À Davos, Dario Amodei ne s’est pas exprimé en observateur inquiet de l’avenir du travail, mais en dirigeant technologique mettant en avant la puissance croissante de son produit.

Le PDG d’Anthropic, entreprise américaine spécialisée dans l’intelligence artificielle générative et à l’origine du modèle « Claude », a expliqué que les progrès récents de l’IA permettent désormais d’envisager une automatisation très large des tâches de développement logiciel.

Une transformation en cours des besoins en compétences

Selon lui, dans un avenir proche, les modèles d’IA pourront écrire, tester, corriger et maintenir du code de bout en bout, avec une intervention humaine réduite à des fonctions de supervision. « Nous pourrions être à un horizon de six à douze mois de modèles capables d’assurer, de bout en bout, l’ensemble des tâches réalisées par les ingénieurs logiciels« .

Amodei a d’ailleurs souligné que, dans certaines équipes, les ingénieurs passent déjà moins de temps à coder eux-mêmes qu’à relire, orienter et valider le code produit par l’IA.

La valeur ajoutée humaine se déplacerait ainsi vers la définition des objectifs, l’architecture des systèmes et le contrôle de la qualité, plutôt que vers l’exécution technique.

Cette prise de position s’inscrit dans un discours plus large tenu à Davos par plusieurs dirigeants du secteur de l’IA.

Demis Hassabis, PDG de Google DeepMind, a notamment évoqué une transformation en cours des besoins en compétences.

Sans annoncer de suppressions massives d’emplois, ces dirigeants convergent sur l’idée que l’automatisation par l’IA modifie rapidement la structure de la demande de travail dans les métiers technologiques.

Dans ce contexte, certaines entreprises pourraient revoir leurs stratégies de recrutement.
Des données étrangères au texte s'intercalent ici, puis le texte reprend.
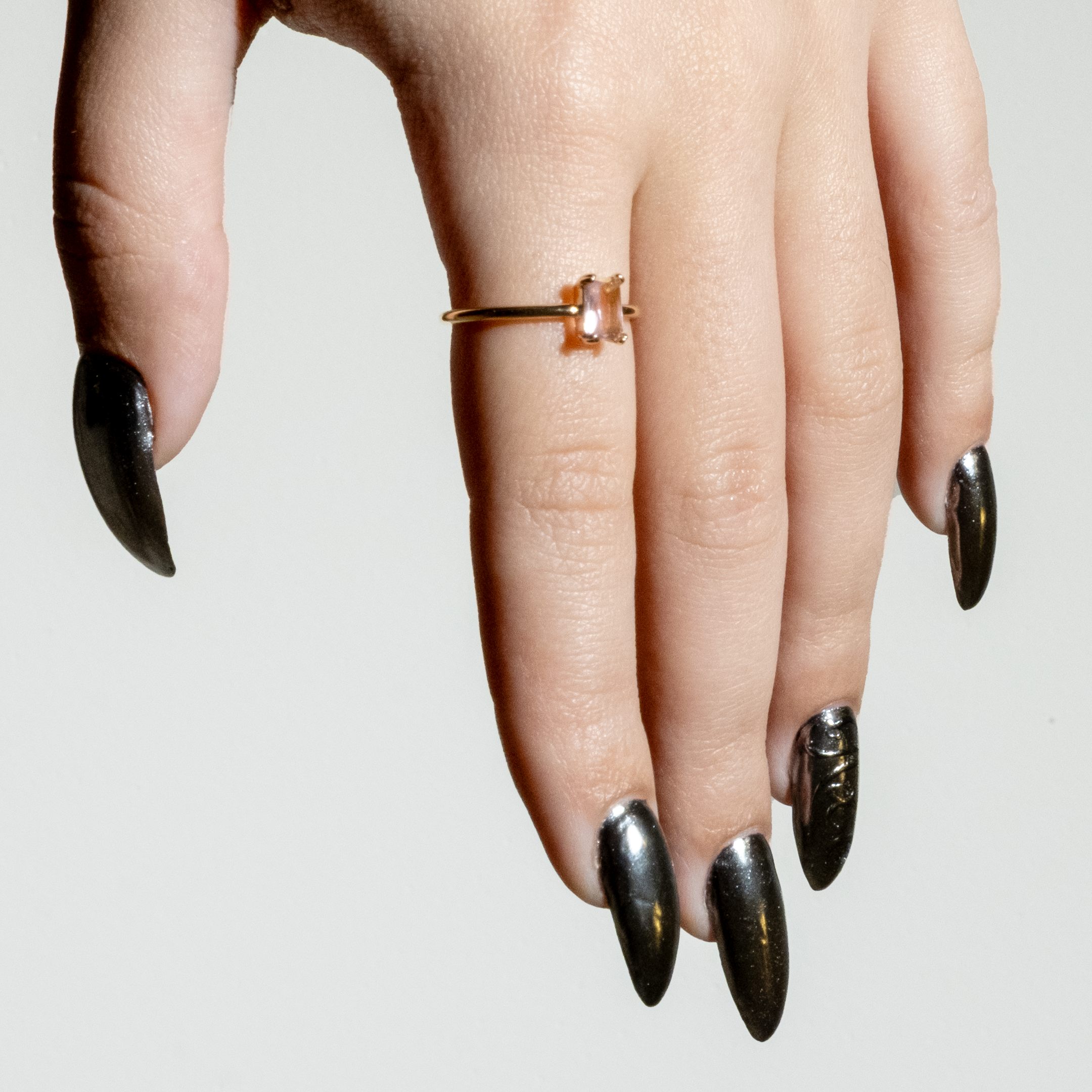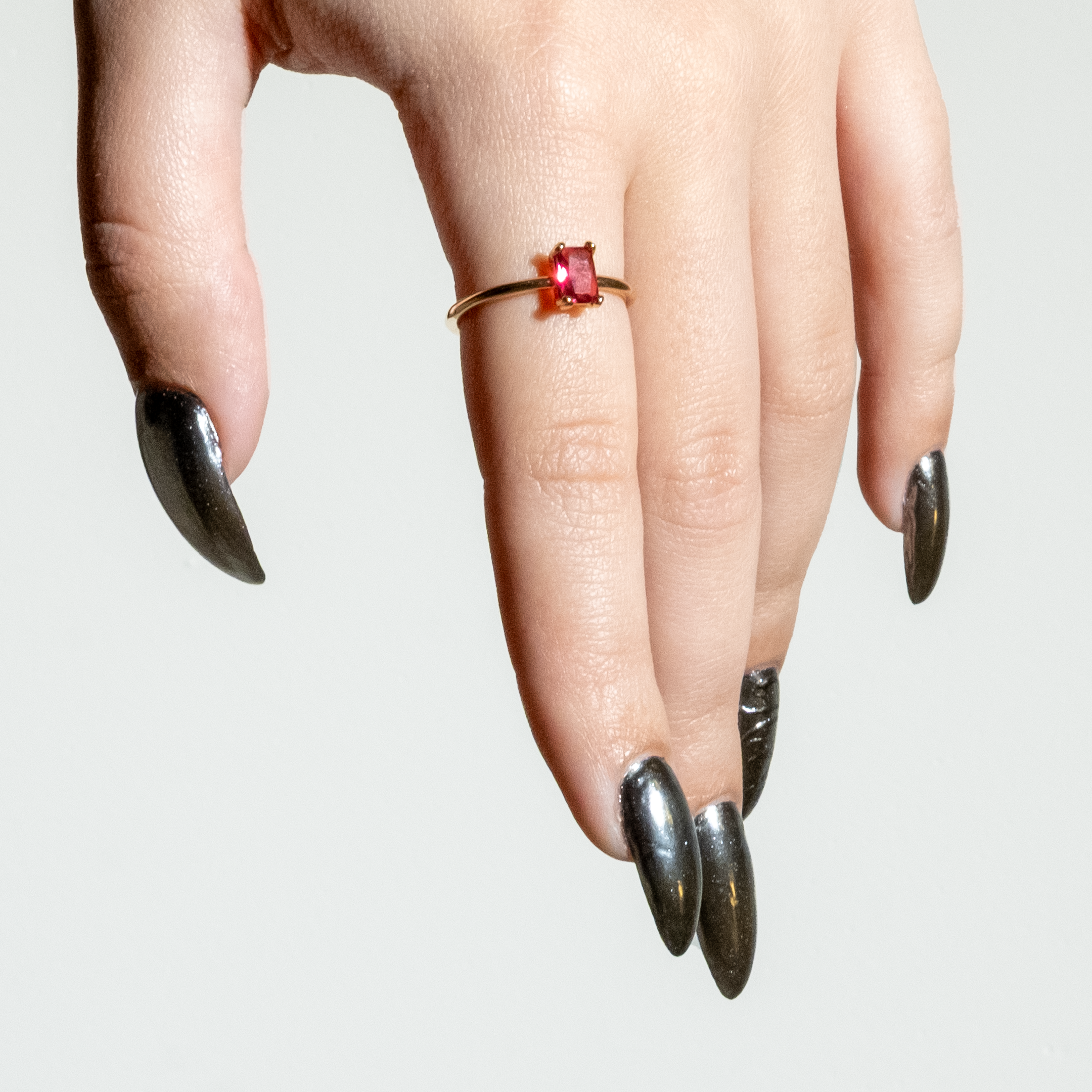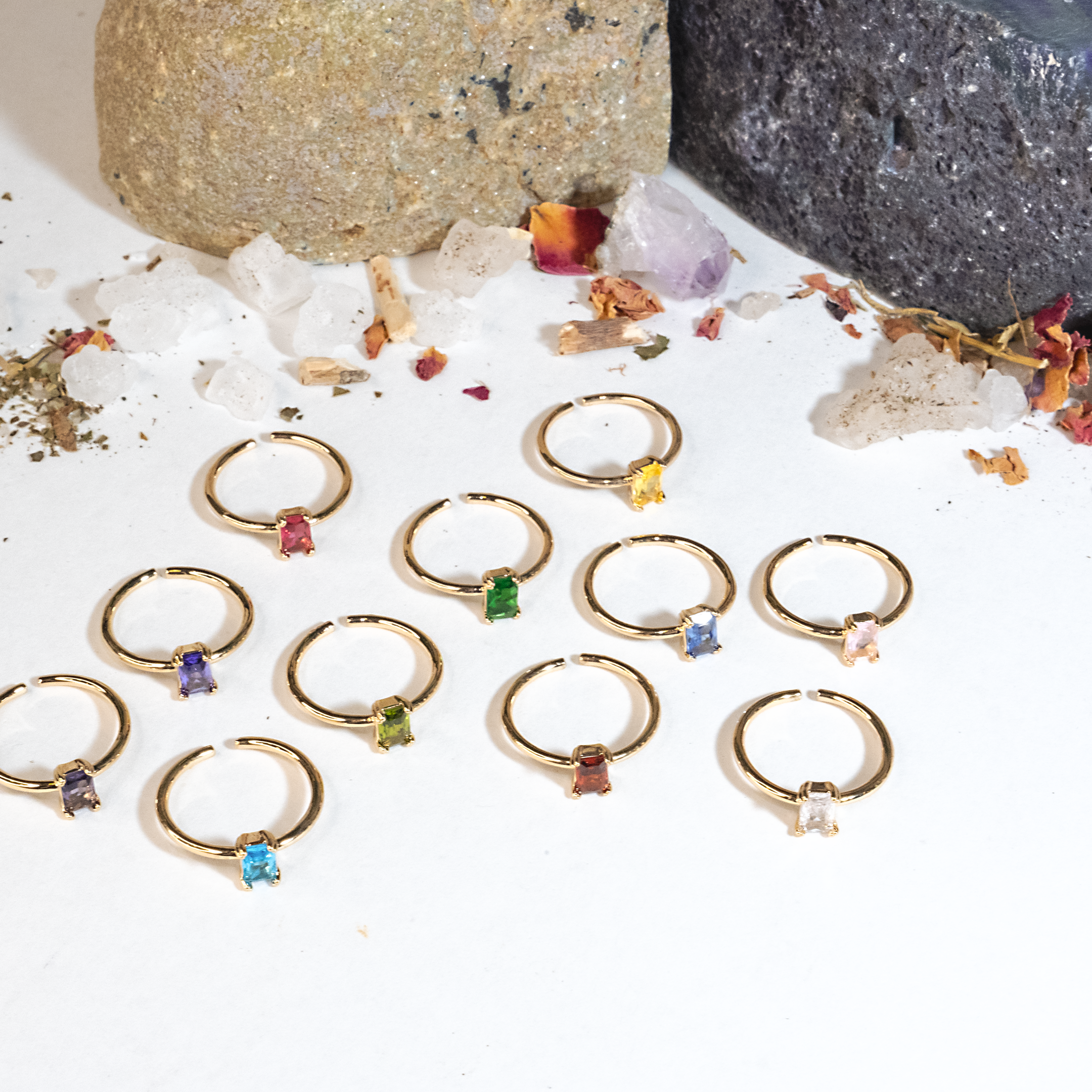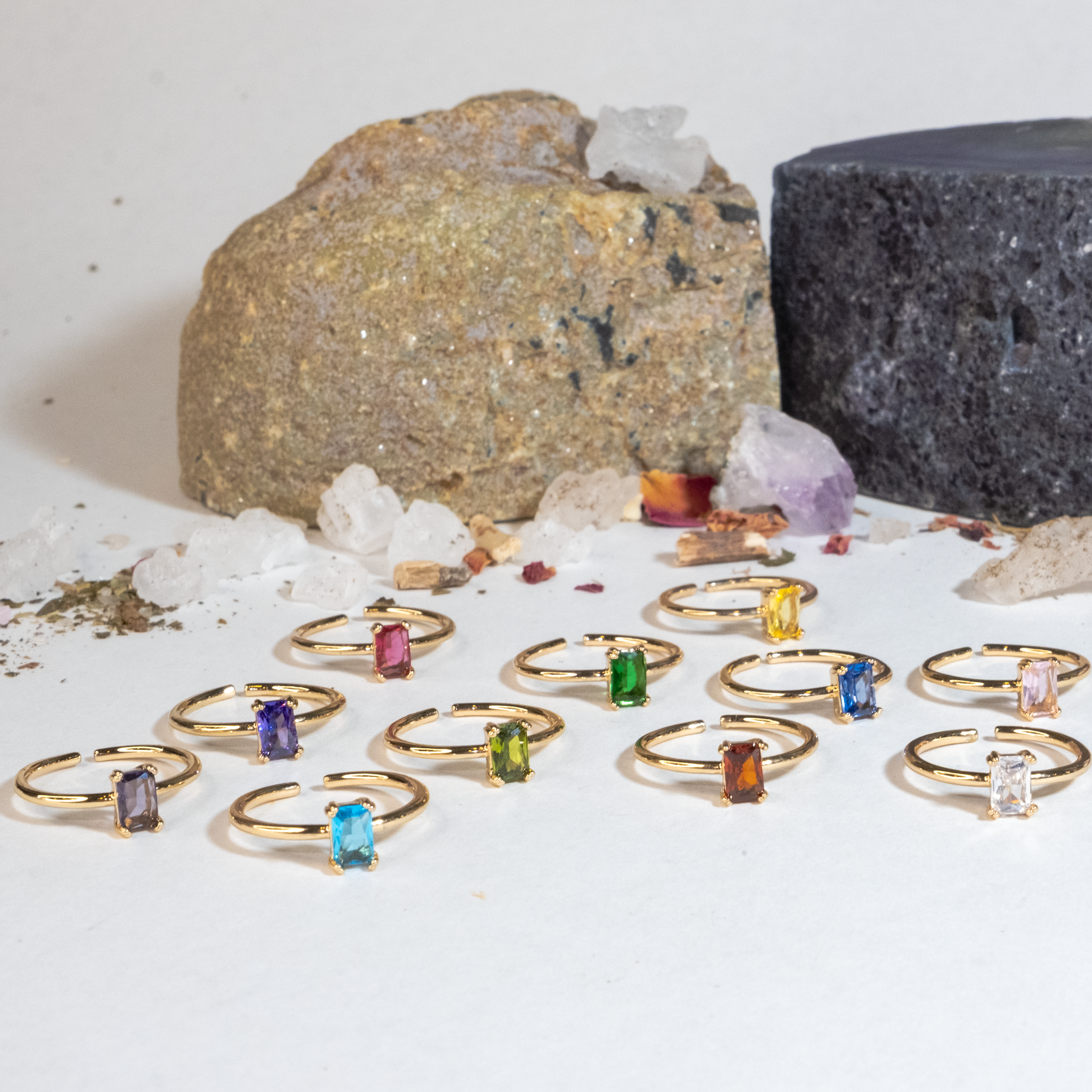 Discover the perfect union between delicacy and meaning. This 18k gold-plated ring features a rectangular-cut stone at its center, representing the unique energy of your birth. The stone's intense color reflects personality, protection, and timeless beauty, making every detail an amulet of style and spirituality.

Plutôt que de constituer de larges équipes de développeurs, elles pourraient privilégier des profils plus expérimentés, capables de concevoir des systèmes complexes, de piloter des agents d’IA et de formuler des instructions efficaces, ce que l’on désigne de plus en plus comme le prompt engineering.

L’ingénieur logiciel ne disparaît pas, mais son rôle se recompose autour de fonctions d’orchestration et de responsabilité, dans un environnement où l’exécution est largement automatisée.